高齢化が進み、成人病に対する対応が課題になりつつある。成人病であるか否かは患者から採取した血糖値等の血液成分を検査して判断するが、採血行為自体が患者に過度の心的負担を与えるので、非侵襲な血液の成分濃度測定技術が注目されている。

現在、非侵襲な成分濃度測定方法として誘電分光法がある。誘電分光法は、患者の皮膚内に電磁波を照射し、血糖値を示すグルコース分子等と体内の水分との親和性による相互作用により電磁波を体内に吸収させ、患者の体内を通過した電磁波の振幅及び位相を観測することにより、患者の血液成分濃度を測定する手法である。

しかし、血液内の対象成分に対する電磁波の相互作用は小さく、また、人体への影響を考慮すると照射可能な電磁波の強度には限度があるため、適切な測定結果が得られず、生体の血糖値測定においては十分な効果を得ることができない。

一方、マイクロ波等の電磁波を利用した材料分析の分野では、共振法、同軸反射法等の様々な手法を利用して材料の複素誘電率を評価することが行われている。テラヘルツ帯のような高周波では、レンズや放物面鏡を用いた疑似光学系によるフリースペース法により試料の複素誘電率が計測される。上述したグルコース分子等は複素誘電率に相関があるので、その複素誘電率の変化に対応した電気信号の振幅及び位相を測定することにより、試料である人体の血液成分濃度を測定することが可能である。
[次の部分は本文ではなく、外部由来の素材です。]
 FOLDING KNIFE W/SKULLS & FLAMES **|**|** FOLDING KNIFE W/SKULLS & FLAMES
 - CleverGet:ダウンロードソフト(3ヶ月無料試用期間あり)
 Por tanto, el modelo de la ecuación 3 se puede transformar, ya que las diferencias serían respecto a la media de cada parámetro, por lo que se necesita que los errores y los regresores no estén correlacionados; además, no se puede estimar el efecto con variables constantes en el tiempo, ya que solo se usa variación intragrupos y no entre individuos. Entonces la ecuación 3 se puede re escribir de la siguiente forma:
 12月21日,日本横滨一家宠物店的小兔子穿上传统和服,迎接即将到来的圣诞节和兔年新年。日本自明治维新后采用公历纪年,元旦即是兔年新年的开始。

従来の誘電分光装置として、マイクロ波からミリ波以上の周波数帯では、光電気変換技術を利用した誘電分光装置がある。特許文献1に開示された誘電分光装置の構成を図5に示す。この図5は、特許文献1の図4に対応する。

図5に示す誘電分光装置は、2つの連続波光の差周波に対応する周波数のTHzビームを第1フォトミキサ6aから測定試料100へ照射し、その測定試料100を透過・反射したTHzプローブビームを第2フォトミキサ6bでホモダイン検波して、電気信号の振幅及び位相を測定する方式が採られている。

また、電磁波をホモダイン検波する際には、第2フォトミキサ6bでのミキシング時における2つの光路・空間伝搬長が一致している必要があるため、空間を伝搬する電磁波の伝搬長や光が伝搬する光ファイバ長が調整されている。具体的には、第1カプラ3aから第1フォトミキサ6aを介する第2フォトミキサ6bまでの光ファイバ長及び空間伝搬長と、第2カプラ3bから第2フォトミキサ6bまでの光ファイバ長とを一致させている。
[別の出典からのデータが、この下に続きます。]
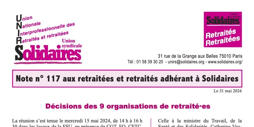 Voici la note mensuelle de l'UNIRS, envoyée à toutes les personnes retraitées dont nous avons les adresses internet.
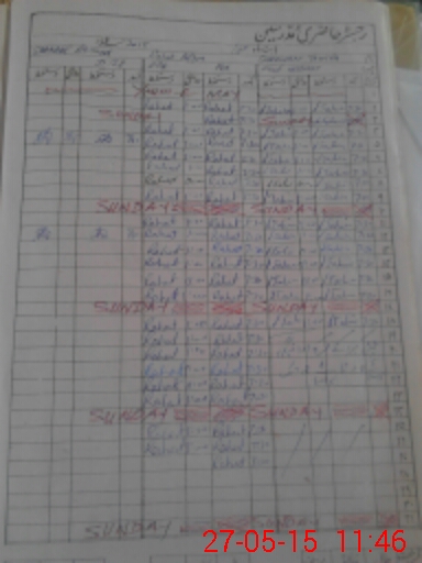 | CNIC | Full Name | Designation | R/C | Absence During Last Calender Month |
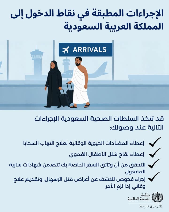 كشفت منظمة الصحة العالمية عن وجود مجموعة من الإجراءات التي تطبقها المملكة العربية السعودية في نقاط الدخول إلى المملكة العربية السعودية للمساعدة في حماية صحة الحجاج في موسم الحج 2025.
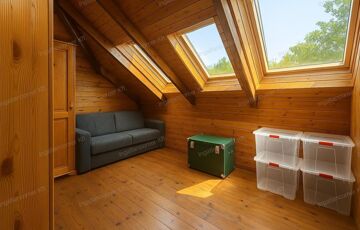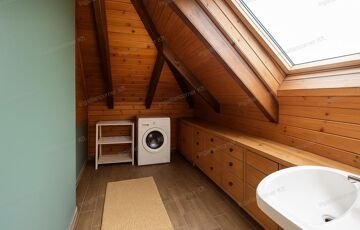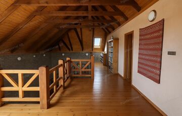 A ház belső tere varázslatos fa elemekkel és tágas galériával rendelkezik, amely különleges térélményt nyújt. A napfényes helyiségek és a természetközeli hangulat együttesen teremtik meg a tökéletes otthont mindazok számára, akik az egyedit, az igényeset és a szerethetőt keresik.
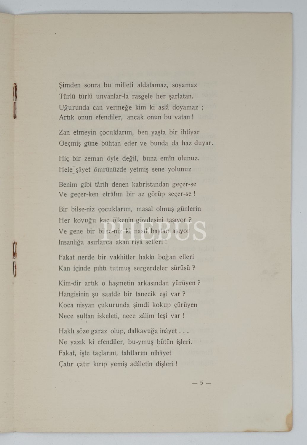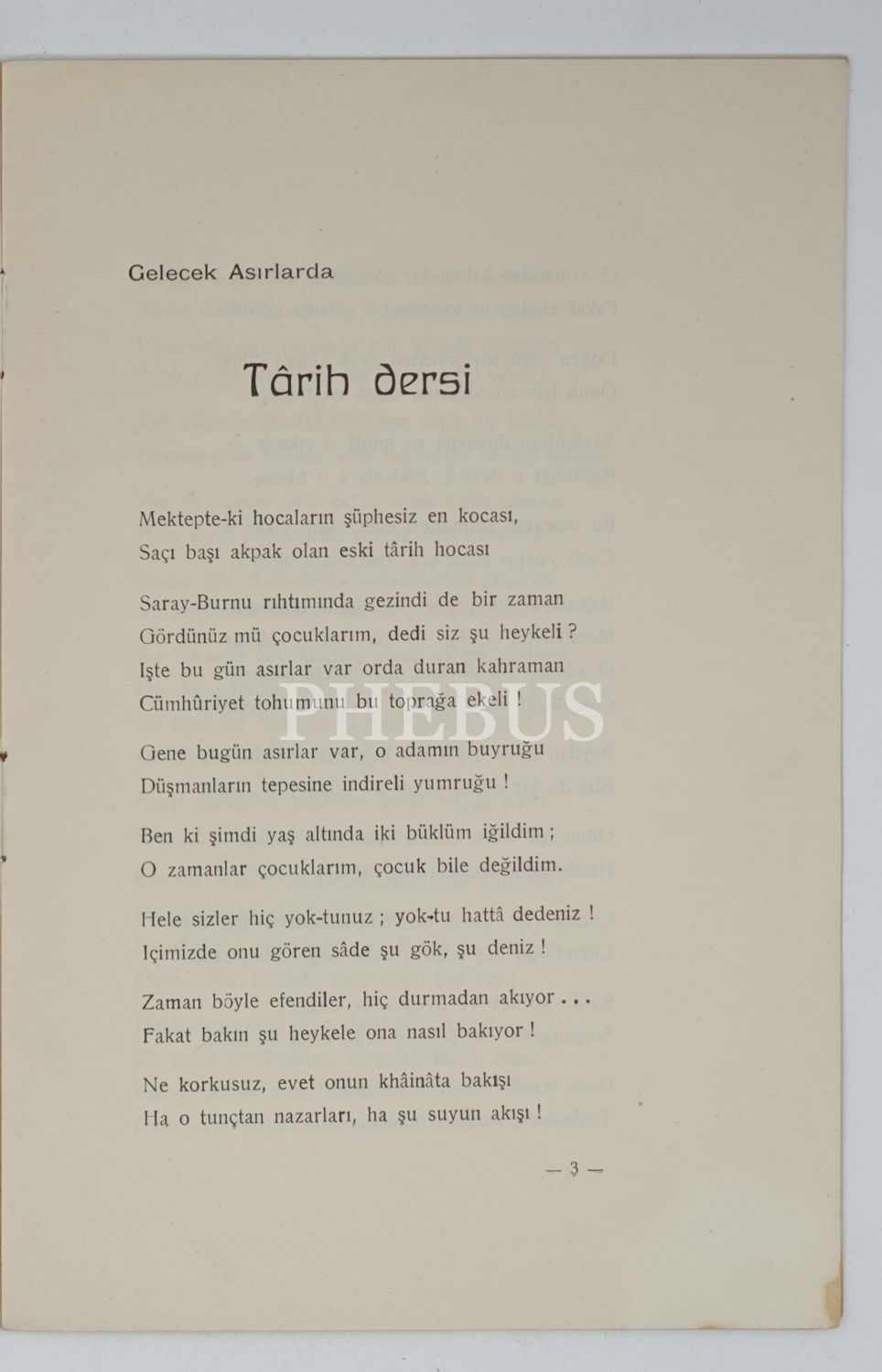 Fazıl Ahmet'in (Aykaç) Cumhuriyet'in kuruluşuna ve kurucusuna bir övgü niteliğindeki bu manzum eseri, 1928 Harf Devrimi sonrasında Latin harfleriyle basılan ilk edebi eser olarak kabul edilir.
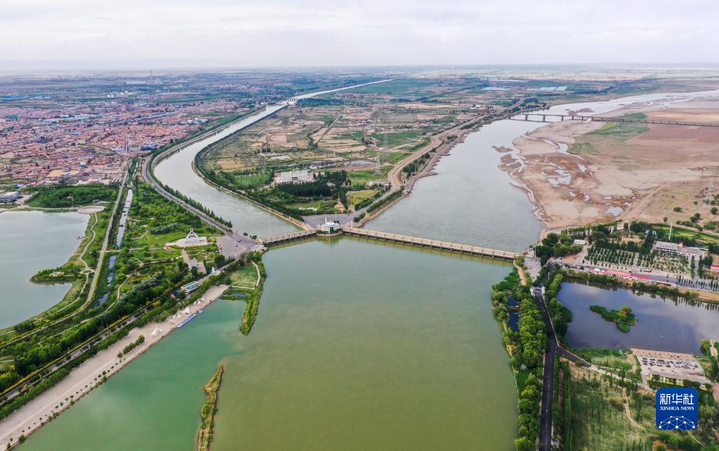 這是被譽(yù)為“萬(wàn)里黃河第一閘”的三盛公水利樞紐,內蒙古每年利用三盛公水利樞紐定量分流黃河凌汛水、灌溉間隙水,統籌實(shí)施烏梁素海生態(tài)補水(無(wú)人機照片,6月6日攝)。

次に、測定試料について説明する。生体内部には水分等が含まれており、疑似的に水溶液や油等の液体試料を評価する際には、溶液セルに液体試料を封入又はフロー供給して測定することが一般的である。サンプルセルのサイズは、例えば、ビームサイズ以上として数ミリ×数ミリ角以上であり、サンプルを固定する窓材料としては、高抵抗Si、Zカット水晶、高密度ポリエチレン、ポリメチルペンテン等、測定周波数に応じて透過率の高い材料が用いられる。サンプルセルは、インレットとアウトレットを備えるフローセル構成とされる場合もある。

また、誘電率測定用セルの場合、テラヘルツ波を透過する窓材が設けられているが、図5に示した連続波電磁波分光測定法では、窓材の厚さに依存するテラヘルツ波の多重反射が生ずることが知られている。2つの窓材の厚さ、セル厚、及び誘電率から多重反射の影響を排除することは容易ではないので、例えば、移動平均をとることによりスペクトル上の干渉リプルを低減する方法が採られている。
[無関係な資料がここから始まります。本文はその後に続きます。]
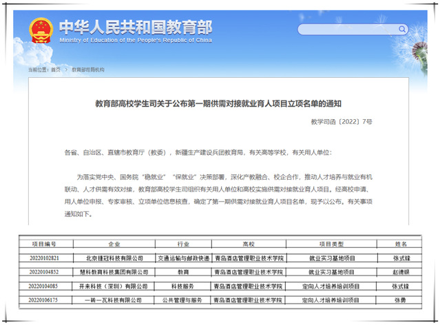 为落实党中央、国务院“稳就业”“保就业”决策部署,深化产教融合、校企合作,推动人才培养与就业有机联动、人才供需有效对接,教育部高校学生司组织有关用人单位和高校实施了供需对接就业育人项目。经高校申请、用人单位申报、专家审核、立项单位信息核查,确定了第一期供需对接就业育人项目名单。
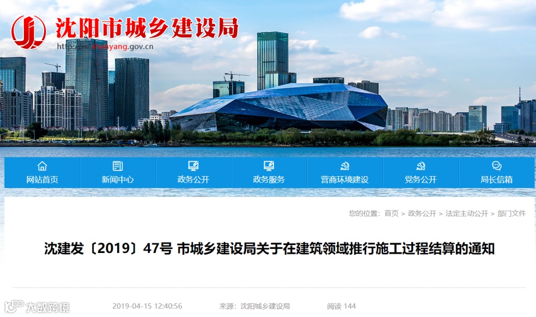 2019年4月,沈阳市城乡建设局发布关于在建筑领域推行施工过程结算的通知,自2019年1月1日起执行。
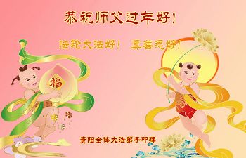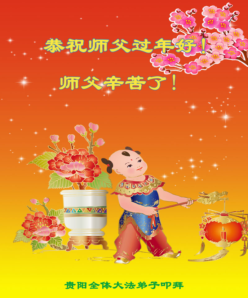 师尊您辛苦了!在新的一年,我们一定遵照师尊的要求,多学法,遇事向内找,做好三件事,跟师父回家。 贵州省全体大法弟子及其亲属给师尊拜年!
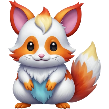 Shiny iridescent light warmly colored reddish-orange-gold-gradients vibrant colorful pastel flourishing flurry fuzzy Absol-Minccino-Furret-Zangoose-Chinchilla-Stitch-fusion-animal-Fakémon-hybrid-creature emoji
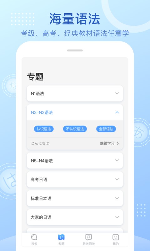 科学分类整理N1-N5各级别语法,同时针对高考日语、日语听力、口语表达等专项需求提供针对性学习内容,满足不同学习目标。
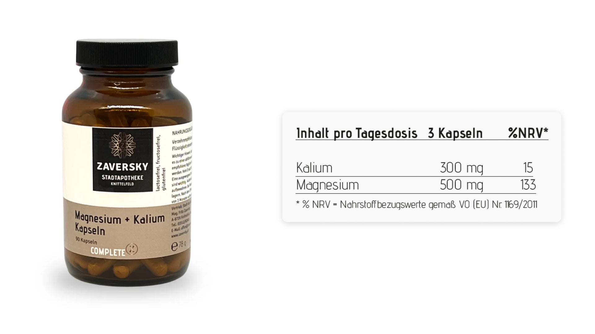 Magnesium und Kalium unterstützen in dieser Kombination unseres Ergänzungsmittels die normale Muskelfunktion und die normale Funktion des Nervensystems. Kalium trägt zudem zur Aufrechterhaltung eines normalen Blutdrucks bei. Magnesium leistet einen wichtigen Beitrag zum Elektrolytgleichgewicht sowie zur Erhaltung normaler Knochen

また、水は赤外領域で非常に強い吸収を呈するため、図6に示す高抵抗シリコン製のATRプリズム9を用いて液体試料の評価を行うことが知られている。従来では、2つのレンズ30間におけるテラヘルツ波ビームは平行光であるため、その2つのレンズ30間の中央にATRプリズム9を配置して支持台50で固定している。ATRプリズム9は、その断面形状が台形であり、テラヘルツ波のビームサイズに応じて幅及び高さが調整されている。このATRプリズム9の上に誘電率測定用セルを載置し、その誘電率測定用セルで反射したATRプリズム9の透過信号を受信して振幅及び位相を測定する。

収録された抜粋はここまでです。